NICKISCH: Howell is known as a resident dean. They're kind of like academic mentors in each Harvard dormitory. Harvard was in the middle of a cheating scandal involving around 125 students in a single class. Some of those students went to their resident deans. Howell thinks one of the deans probably just innocently forwarded an official email to a student, an email that said: do not forward. From there, the email got in the hands of the student newspaper. The scandal became public. But Howell says an accident is not something worth sniffing through people's emails.

HOWELL: It feels like the level of severity of this situation just doesn't seem to warrant it.

NICKISCH: Many faculty agree.

WILFRIED SCHMID: Certainly, when I first heard about this, I was shocked.

NICKISCH: Shocked is how math professor Wilfried Schmid put it. One sociology professor called it creepy. And a computer science professor, who helped draft Harvard's email search policy, criticized the move sharply in a blog post, though Harry Lewis declined to be interviewed, saying he's keeping his head down. Today, university officials tried to explain.
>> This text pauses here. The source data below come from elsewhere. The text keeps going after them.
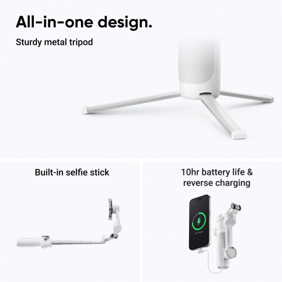 Este gimbal redefine la grabación móvil gracias a su libertad de seguimiento de 360 grados , permitiendo capturas panorámicas sin límites ni fronteras. Además, incorpora un foco con tres niveles de brillo y temperatura de color para grabaciones nocturnas y es totalmente compatible con el Insta360 Mic Air para un sonido nítido. Su software inteligente ofrece composición y edición por IA, facilitando que incluso los principiantes logren contenidos profesionales al comprar Insta360 Flow 2 .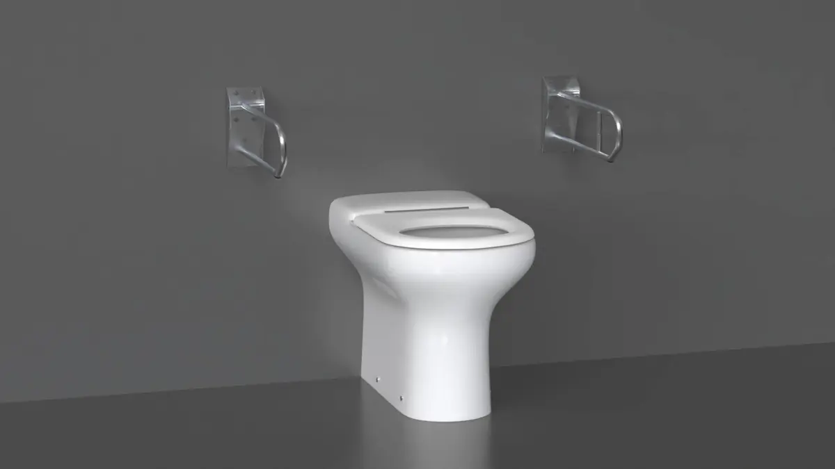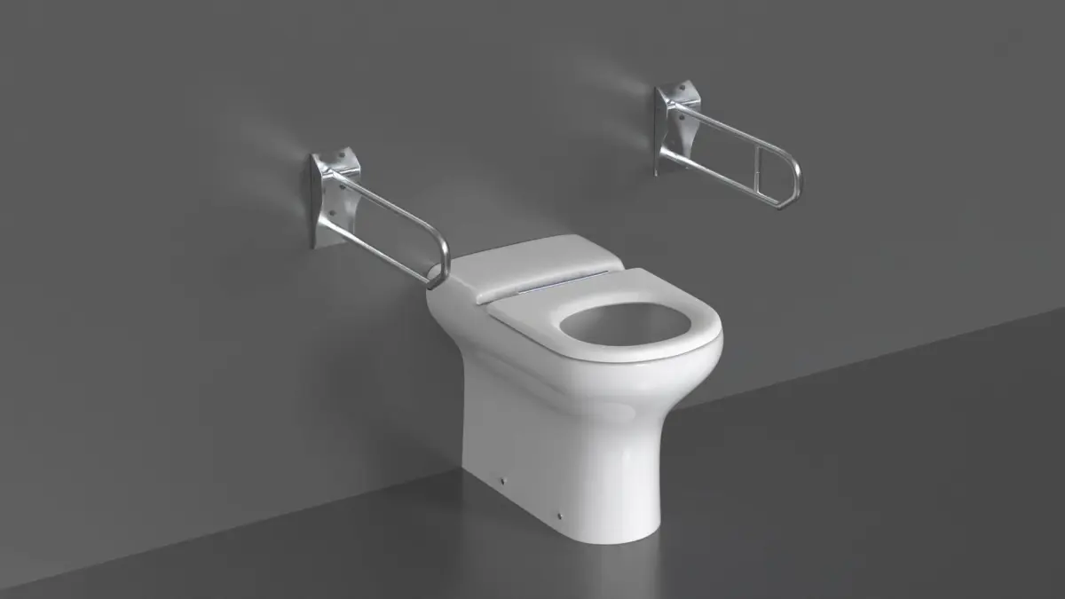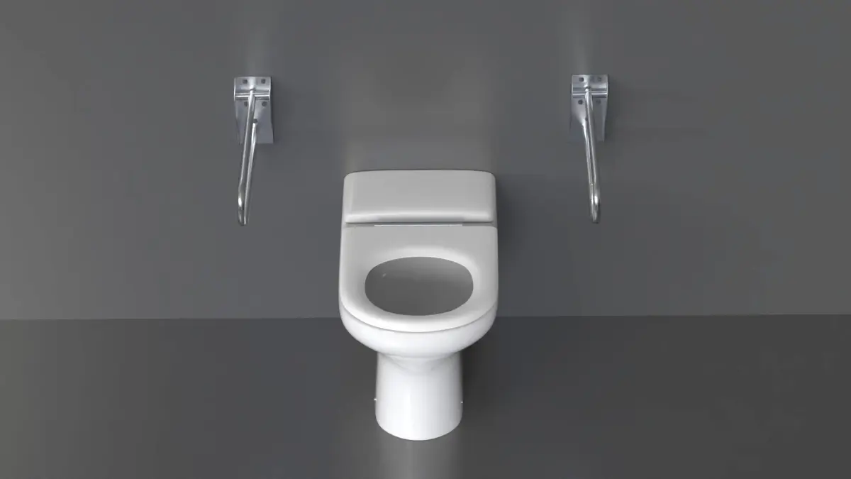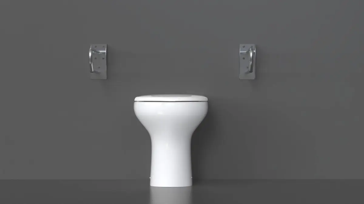 Highly detailed floor-mounted modern WC Toilet with support handles. Modeled in 3DS Max and rendered using KeyShot render engine (although the textures from any render engine can easily be applied).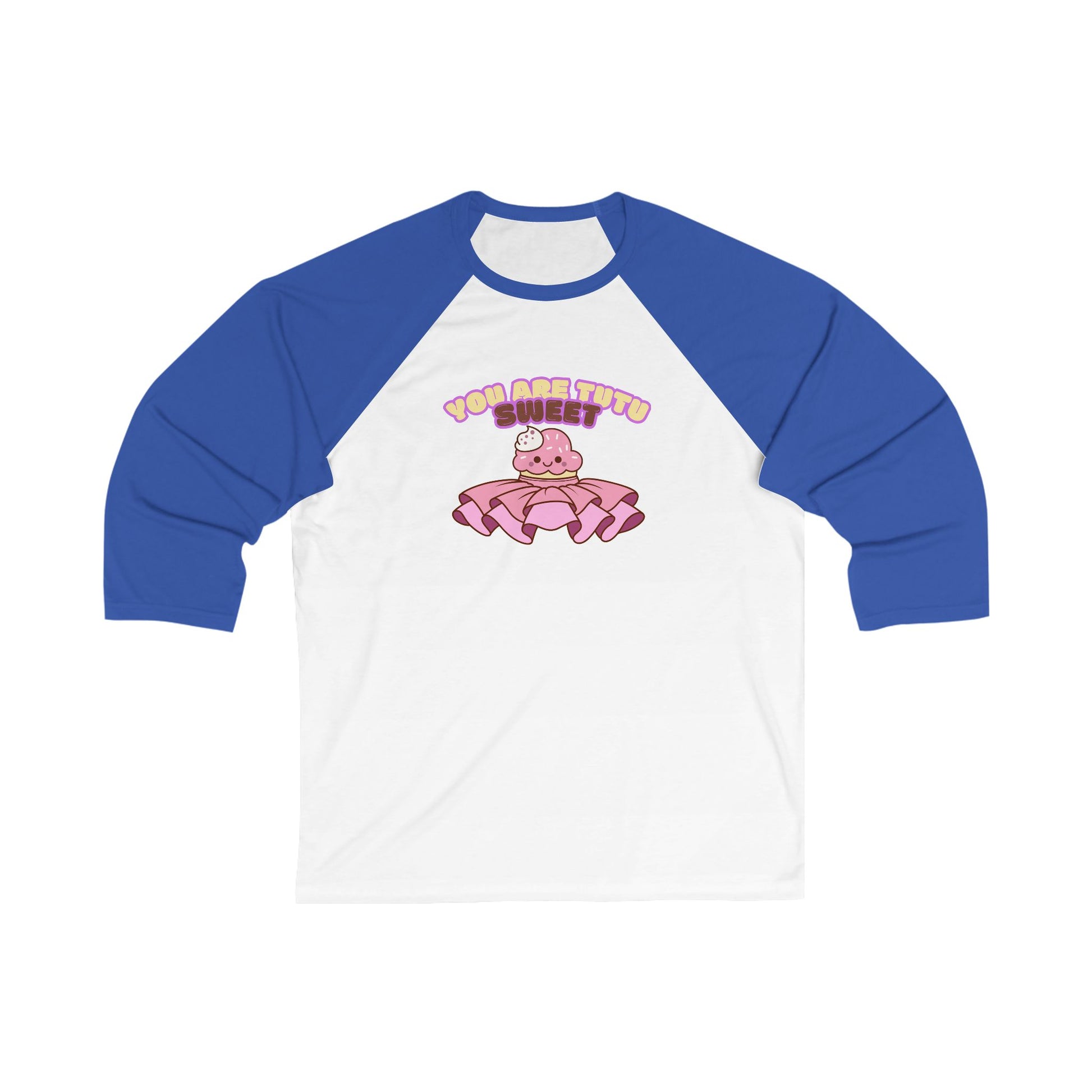 "You Are Tutu Sweet" Unisex 3/4 Sleeve Baseball Tee – Cute Dance Shirt with Kawaii Cupcake in Tutu Graphic for Dancers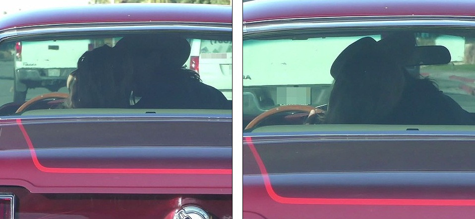 Amber và người tình mới lên xe hơi Mustang và tiếp tục trao nhau nụ hôn say đắm.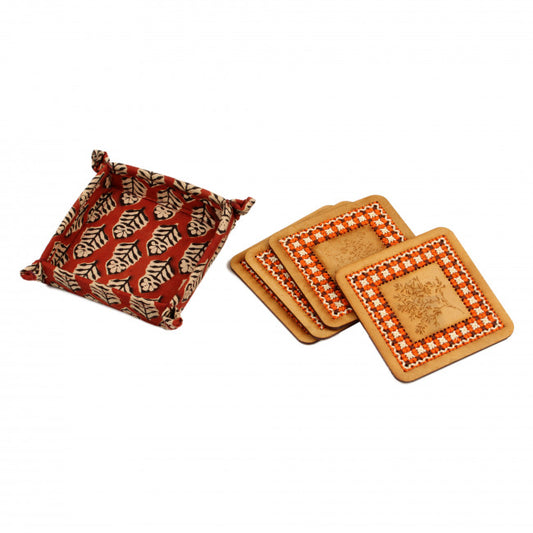 Hand Embroidered Tea Coaster 4 Pc Set (Brown)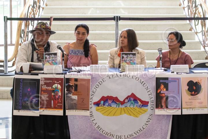 Raúl Pérez Pineda, Rocío Carolina Loa Rosales, Ivonne Pérez Esquivel, y Beatriz Serrano Altamirano, durante el anunció de la gira teatral de la Compañía Teatro de los Volcanes por el centro del país.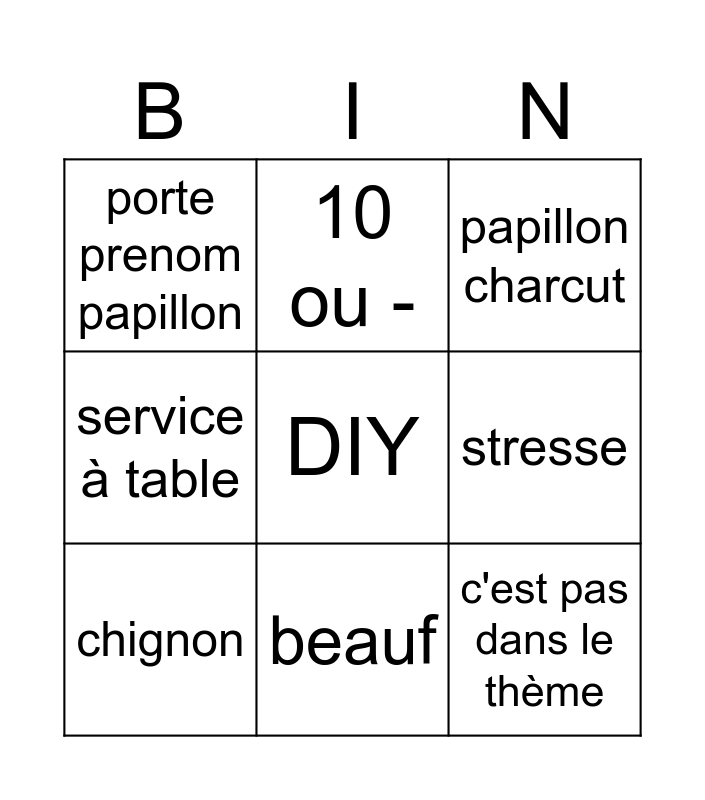 This bingo card has a free space and 8 words: stresse, papillon charcut, 10 ou -, chignon, porte prenom papillon, c'est pas dans le thème, service à table and beauf.

In a statement, deans of the Faculty of Arts and Sciences say they were just trying to protect the privacy of students, and that they set up their search not to read people's emails but only look at their headers, only look at the date to whom the email was sent, the subject line. But computer science professor Eddie Kohler says he's not surprised by Harvard's snooping.

EDDIE KOHLER: So I worked for a while at UCLA, which is a public school, where in a sense, all of your records, including your emails, are public.

NICKISCH: Kohler says he believes administrators have the right to look through his email. He just hopes they don't use that power too much.

KOHLER: And I don't know yet whether this was too much or not.

NICKISCH: Harvard's action is pretty hands-off, says Lewis Maltby, president of the National Workrights Institute.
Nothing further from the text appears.